§ What the exercise asks
Transcribe exactly everything in the data below from the line containing "5月13日,在長(zhǎng" down to the line containing "Which parameters to", both lines included and nothing further.

Data below:

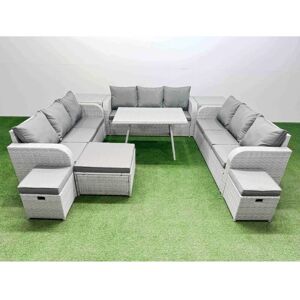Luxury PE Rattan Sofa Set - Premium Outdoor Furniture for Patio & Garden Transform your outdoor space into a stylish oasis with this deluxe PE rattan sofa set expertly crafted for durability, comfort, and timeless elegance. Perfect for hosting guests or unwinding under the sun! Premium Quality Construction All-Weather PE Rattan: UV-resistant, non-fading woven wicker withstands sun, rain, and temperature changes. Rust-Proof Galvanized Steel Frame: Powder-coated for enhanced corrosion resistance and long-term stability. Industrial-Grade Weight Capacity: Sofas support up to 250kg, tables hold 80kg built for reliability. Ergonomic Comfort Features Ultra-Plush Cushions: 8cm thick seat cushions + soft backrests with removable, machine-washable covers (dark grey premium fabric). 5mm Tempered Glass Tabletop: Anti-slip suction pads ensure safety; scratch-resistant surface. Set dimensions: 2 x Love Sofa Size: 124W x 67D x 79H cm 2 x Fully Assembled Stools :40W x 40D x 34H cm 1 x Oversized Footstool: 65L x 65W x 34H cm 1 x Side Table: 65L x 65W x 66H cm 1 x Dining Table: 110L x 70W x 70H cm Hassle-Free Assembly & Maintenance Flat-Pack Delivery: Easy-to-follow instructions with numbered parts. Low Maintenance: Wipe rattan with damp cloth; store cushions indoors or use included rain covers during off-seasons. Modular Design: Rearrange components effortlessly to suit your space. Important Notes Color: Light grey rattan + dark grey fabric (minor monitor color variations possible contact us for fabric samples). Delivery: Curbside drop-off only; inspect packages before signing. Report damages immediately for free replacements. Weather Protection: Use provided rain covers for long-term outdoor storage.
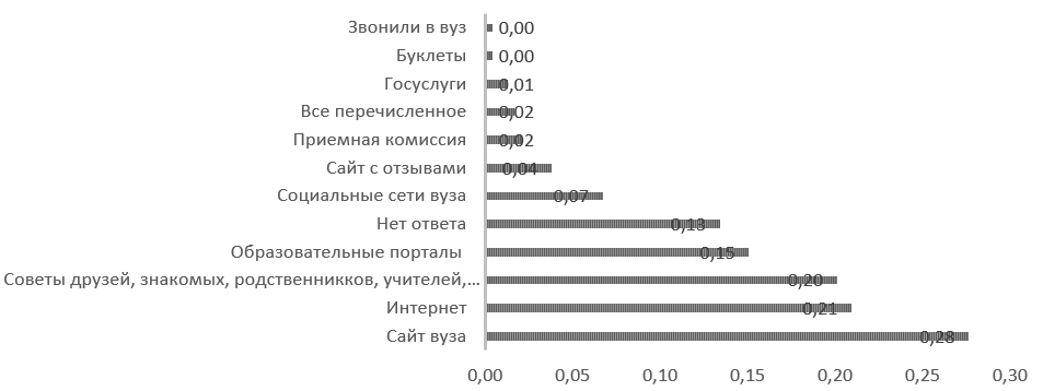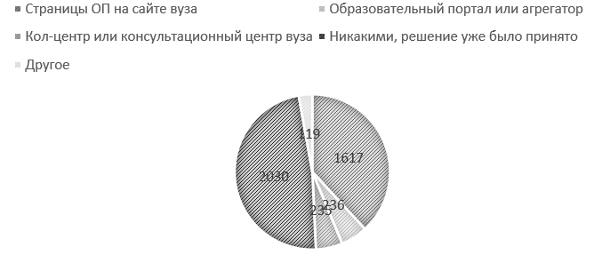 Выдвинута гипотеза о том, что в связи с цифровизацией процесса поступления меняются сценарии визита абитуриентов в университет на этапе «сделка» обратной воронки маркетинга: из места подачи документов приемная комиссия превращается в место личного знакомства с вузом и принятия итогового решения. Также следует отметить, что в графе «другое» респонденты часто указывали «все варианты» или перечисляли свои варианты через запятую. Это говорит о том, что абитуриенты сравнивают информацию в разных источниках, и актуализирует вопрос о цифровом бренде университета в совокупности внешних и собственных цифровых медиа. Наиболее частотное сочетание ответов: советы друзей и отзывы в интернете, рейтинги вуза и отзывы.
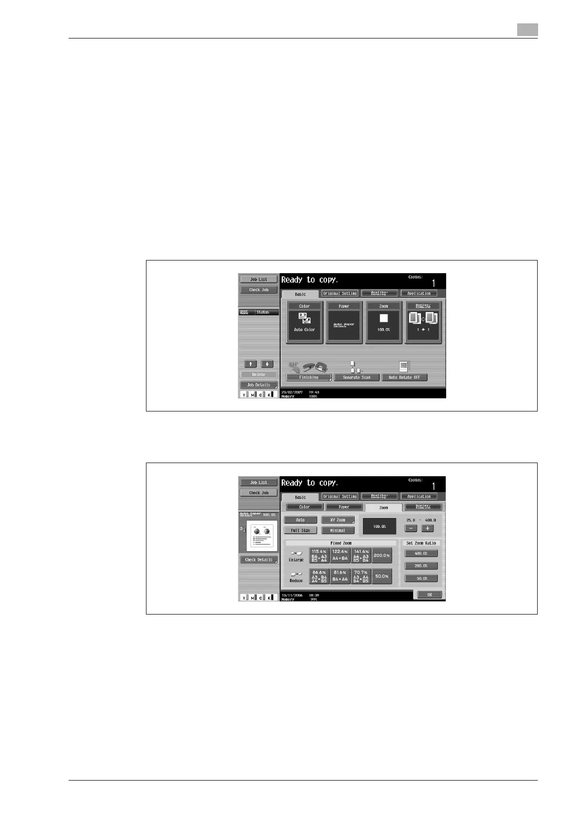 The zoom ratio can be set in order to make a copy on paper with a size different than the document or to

End of Data.
Data below:

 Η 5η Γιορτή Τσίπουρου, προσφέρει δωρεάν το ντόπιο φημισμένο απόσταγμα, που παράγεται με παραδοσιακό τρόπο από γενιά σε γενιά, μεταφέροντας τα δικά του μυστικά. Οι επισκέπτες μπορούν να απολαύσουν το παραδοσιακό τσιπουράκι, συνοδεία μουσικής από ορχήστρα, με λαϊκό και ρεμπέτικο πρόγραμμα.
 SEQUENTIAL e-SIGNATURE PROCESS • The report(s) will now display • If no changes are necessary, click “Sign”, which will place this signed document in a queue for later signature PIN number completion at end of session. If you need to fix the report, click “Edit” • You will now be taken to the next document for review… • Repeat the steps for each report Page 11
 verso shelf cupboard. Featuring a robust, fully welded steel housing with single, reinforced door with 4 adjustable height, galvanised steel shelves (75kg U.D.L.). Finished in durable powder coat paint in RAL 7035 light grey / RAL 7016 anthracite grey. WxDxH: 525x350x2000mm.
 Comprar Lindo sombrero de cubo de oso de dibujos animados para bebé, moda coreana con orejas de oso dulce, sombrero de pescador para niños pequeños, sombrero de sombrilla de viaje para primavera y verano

End of Data.
Data below:

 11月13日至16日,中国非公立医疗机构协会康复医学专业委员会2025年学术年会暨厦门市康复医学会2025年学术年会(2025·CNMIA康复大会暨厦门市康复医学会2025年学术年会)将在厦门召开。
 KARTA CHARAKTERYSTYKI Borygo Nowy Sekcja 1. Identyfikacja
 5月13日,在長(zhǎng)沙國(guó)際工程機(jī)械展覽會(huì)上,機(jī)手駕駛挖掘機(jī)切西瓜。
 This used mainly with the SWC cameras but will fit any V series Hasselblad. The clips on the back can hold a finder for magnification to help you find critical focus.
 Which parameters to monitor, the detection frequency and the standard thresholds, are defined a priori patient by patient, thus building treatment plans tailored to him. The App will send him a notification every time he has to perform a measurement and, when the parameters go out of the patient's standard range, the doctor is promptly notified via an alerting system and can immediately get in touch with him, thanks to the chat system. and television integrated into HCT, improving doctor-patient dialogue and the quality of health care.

End of Data.

§ Result of the task
 5月13日,在長(zhǎng)沙國(guó)際工程機(jī)械展覽會(huì)上,機(jī)手駕駛挖掘機(jī)切西瓜。
 This used mainly with the SWC cameras but will fit any V series Hasselblad. The clips on the back can hold a finder for magnification to help you find critical focus.
 Which parameters to monitor, the detection frequency and the standard thresholds, are defined a priori patient by patient, thus building treatment plans tailored to him. The App will send him a notification every time he has to perform a measurement and, when the parameters go out of the patient's standard range, the doctor is promptly notified via an alerting system and can immediately get in touch with him, thanks to the chat system. and television integrated into HCT, improving doctor-patient dialogue and the quality of health care.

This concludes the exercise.